メモを取っているとどうしても間がおかしくなってしまう。
 
「ご自分で、この問題について、原因を考えたり、解決のための取り組みを
したことはありますか?」やや棒読みになりながら、質問票にそって
なつをは質問した。
「はい。先ほども申し上げたとおり、女らしくないことが原因だと、
知人から指摘されましたので、その点については、女性らしい服装や
振る舞いをするように、努力をしてきました。ただ、それでも、
その後、恋人ができないので、最近ではインナーチャイルドの課題が
何かあるのかな、と考えることもあります。」
 
(えと・・・本人が分析を述べたら、「もう少し詳しく教えてください」
と言って、さらに聞き出すように・・・と書いてあるな・・・)なつをは
質問票にある、先生からの指示を黙読して、次の質問を心の中で準備した。
 
「そのことを、もう少し詳しく教えてください。」
「はい。」かおりは話し始めた。
「先生のご著書や、ほかの心理学の本を読んだりして、色々勉強させて
いただいているのですが、そうすると、恋愛でうまく行かない背景には、
子供時代の生育環境の影響がある、と、大抵書かれています。私自身も、
子供時代に、両親が商売をしていまして共働きでしたので、寂しかった
思い出はかなりありますし、何か、いまの恋人ができない問題と関係ある
ような気がしまして・・・」
「なるほど。
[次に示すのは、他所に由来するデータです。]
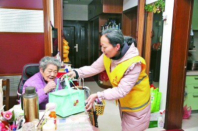 江蘇省常州市鐘樓區(qū)荷花池街道西新橋一村社區(qū)的網(wǎng)格員上門為獨居老人送晚餐。新華社發(fā)

そういうことなんですね。」なつをはメモを取るのに必死だった。
(とても頭の良い方のようだ・・・そして、しっかりと考えて
いらっしゃる。私、ちゃんと記録できているのだろうか・・・)なつをは
理路整然と自分の問題について話すかおりに気押されて、また体中に
イヤな汗をかいていた。
 
ふう。先ほどの質問に関するメモを取り終えると、なつをが深呼吸をして、
次の質問に移った。
「お仕事は、何をしていらっしゃいますか?」
「仕事は、企業コンサルタントの会社で、司法書士をしています。
コンサルティングは主に社長を始めとしたメンバーが行っていて、
私は会社の設立登記などの法務を主にやっています。」
 
なつをは、メモを取りながら上目遣いにかおりをちらっと見た。
(結構やり手なんだ・・・キャリア系女子かぁ)
そんなことを思いながらメモを取るペンを走らせる。
「あ・・・なるほど、そうなんですか。お仕事はお忙しいですか?」
「そうですね。ずっと忙しかったんですけど、最近少し、後輩に仕事を
任せたり、適度に手を抜いたりすることを覚えまして、少し自分の時間も
とるようになりました。」
 
「えぇと・・・先生から、仕事が忙しい人の場合質問して下さい、
と言われているんですが・・・」
「先生、なかなか先読みする人ですね。」かおりはそう言ってクスッ
と笑った。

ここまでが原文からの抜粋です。